This is post 3 in the FreeBSD jail orchestration series. Post 2 got a container running with ZFS storage, pf NAT, and VNET. Now: can containers talk to each other?

TL;DR

IP connectivity between containers works out of the box: same bridge, ping by IP, sub-millisecond latency. Port forwarding via pf works from external hosts but NOT from the FreeBSD host itself (a net.pf.filter_local / conmon socket interaction). Pods work and share localhost (after installing catatonit). DNS-based service discovery does NOT work: the dnsname CNI plugin is not included in FreeBSD’s containernetworking-plugins. The workaround is --add-host for static name resolution, or pods for shared-localhost communication.

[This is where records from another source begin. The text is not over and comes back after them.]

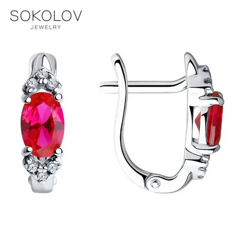 Серьги SOKOLOV из серебра с корундами рубиновыми (синт.) и фианитами, Серебро, 925, Женские, Серьги 2022 тренд
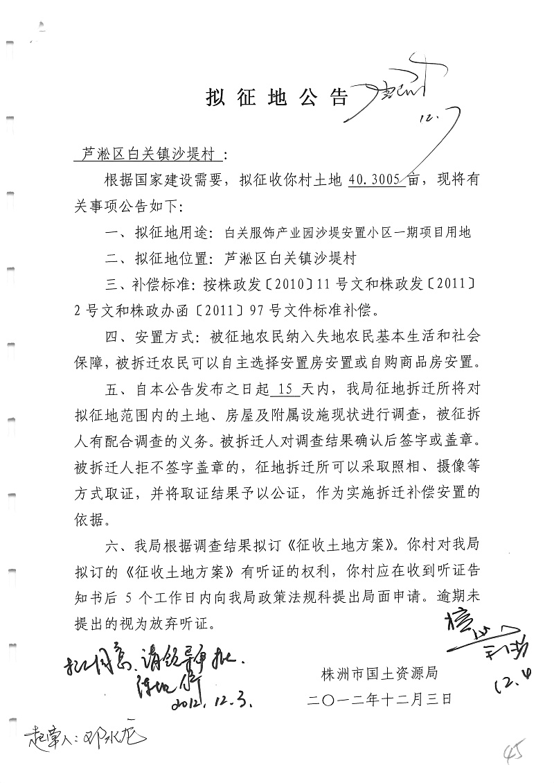 拟征地公告(白关服饰产业园沙堤安置小区一期40.3005亩)
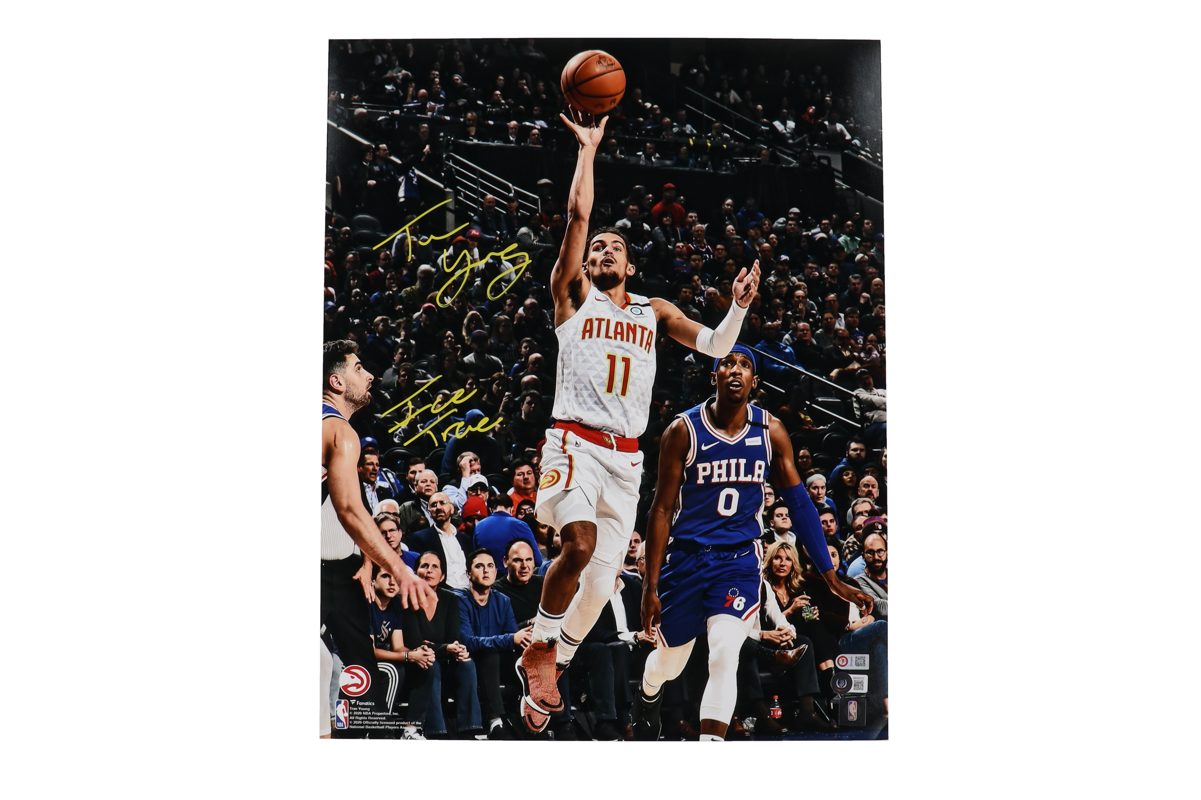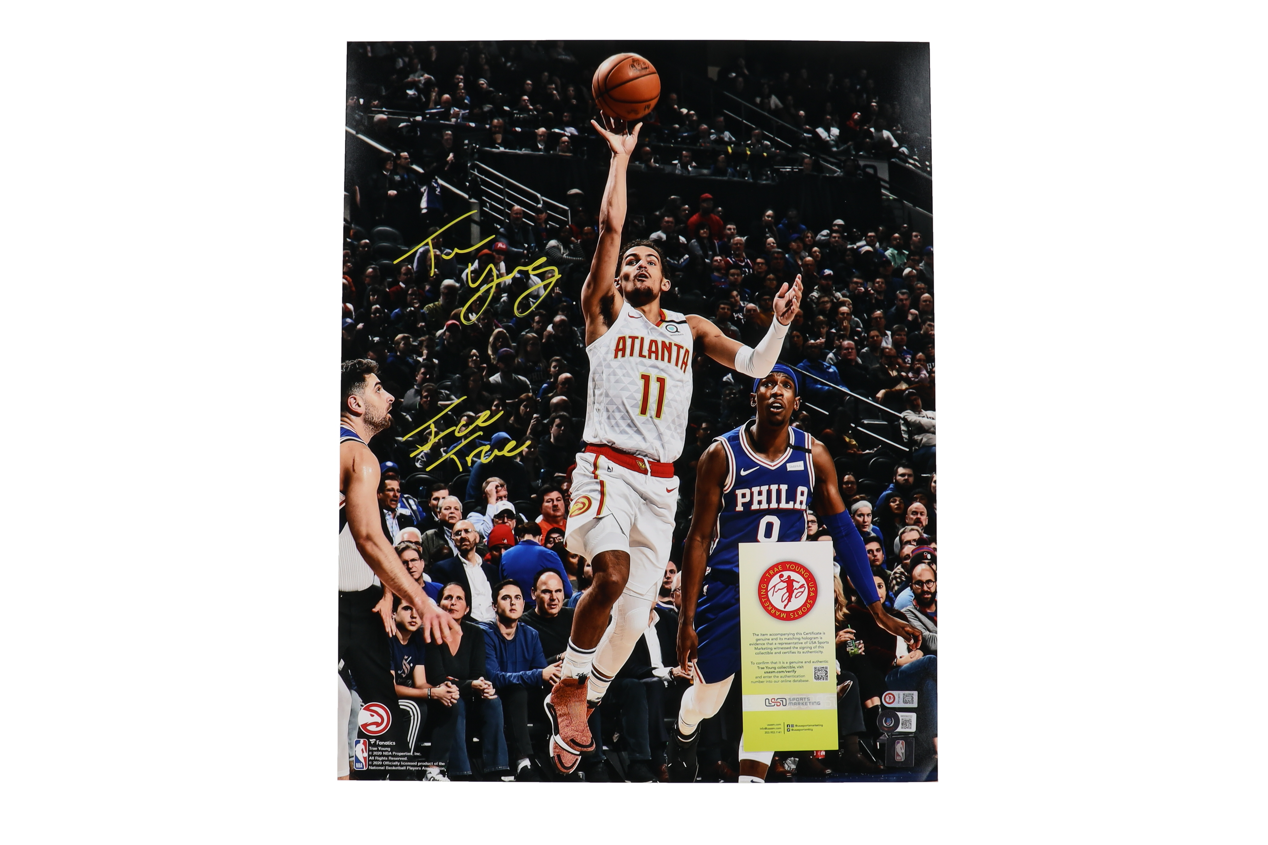Photo measures 16" x 20" in size and has been hand-signed and inscribed by Trae Young (Atlanta Hawks).
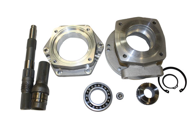 4L60E TO FORD NP T/C 31T, kit comes with a new 4L60E (700R) output shaft that needs to be installed into the transmission. The adapter housing has a bearing that supports the new spud shaft to couple the GM transmission to the Ford New Process transfer case.
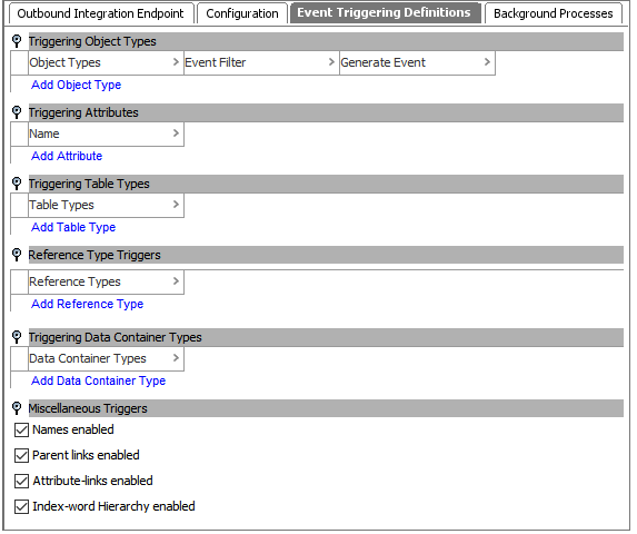 For event-based OIEPs or EPs, the Event Triggering Definitions tab allows you to add or edit the available triggers. At a minimum, you must set an Object Type trigger before the OIEP or the EP can be enabled to queue events. Additional triggers can be added to further limit the data monitored by the OIEP. For more information, refer to the section for each trigger below.
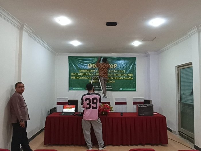 Menjelang pelaksanaan Workshop Kurikulum Berbasis Cinta (KBC) yang dijadwalkan pada Sabtu, 1 November 2025, panitia dari MTsN 2 Bungo bersama tim dari Kantor Kementerian Agama Kabupaten Bungo melakukan pengecekan lokasi di Hotel Bungo Plaza. Kegiatan pengecekan ini berlangsung pada Jumat, 31 Oktober 2025, sebagai bagian dari persiapan akhir sebelum acara dimulai.
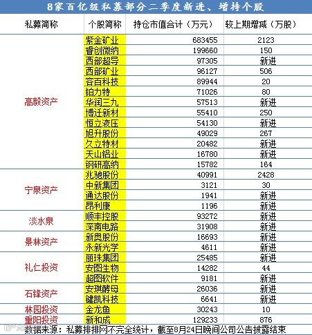 八大私募新进或增持这些股票

The gap is real but smaller than I expected for single-node setups. The real problem isn’t what’s missing today: it’s that upstream Podman is migrating from CNI to Netavark, and Netavark doesn’t support FreeBSD.

The Default Network

Podman on FreeBSD creates a single default network using CNI (Container Network Interface):

$ sudo podman network ls
NETWORK ID    NAME        DRIVER
2f259bab93aa  podman      bridge

$ sudo podman network inspect podman
[
     {
          "name": "podman",
          "driver": "bridge",
          "network_interface": "cni-podman0",
          "subnets": [
               {
                    "subnet": "10.88.0.0/16",
                    "gateway": "10.88.0.1"
               }
          ],
          "dns_enabled": false
     }
]

dns_enabled: false. That’s the first hint. FreeBSD ships 7 CNI plugins:

$ ls /usr/local/libexec/cni/
bridge    firewall    host-local    loopback    portmap    static    tuning

No dnsname. No dnsmasq. Custom networks you create also get dns_enabled: false. This is the key difference from Linux, where Podman’s default network includes DNS-based container name resolution via the dnsname plugin.

IP Connectivity: It Just Works

Two containers on the default bridge can ping each other by IP immediately:

$ sudo podman run -d --name c1 freebsd/freebsd-notoolchain:15.0 sleep 600
$ sudo podman run -d --name c2 freebsd/freebsd-notoolchain:15.0 sleep 600

$ C1_IP=$(sudo podman inspect c1 --format '{{.NetworkSettings.IPAddress}}')
$ C2_IP=$(sudo podman inspect c2 --format '{{.NetworkSettings.IPAddress}}')
$ echo "c1: $C1_IP  c2: $C2_IP"
c1: 10.88.0.9  c2: 10.88.0.10

$ sudo podman exec c1 ping -c 2 $C2_IP
PING 10.88.0.10 (10.88.0.10): 56 data bytes
64 bytes from 10.88.0.10: icmp_seq=0 ttl=64 time=0.085 ms
64 bytes from 10.88.0.10: icmp_seq=1 ttl=64 time=0.178 ms

0.085 ms round-trip. Each container gets its own VNET network stack with an epair interface. The cni-podman0 bridge connects them. pf handles NAT for outbound traffic. This part is solid.

But try by name:

$ sudo podman exec c1 ping -c 2 c2
ping: cannot resolve c2: Name does not resolve

DNS lookup goes to the host’s resolver (192.168.122.1 in my case), which obviously doesn’t know about container names. NXDOMAIN, as expected.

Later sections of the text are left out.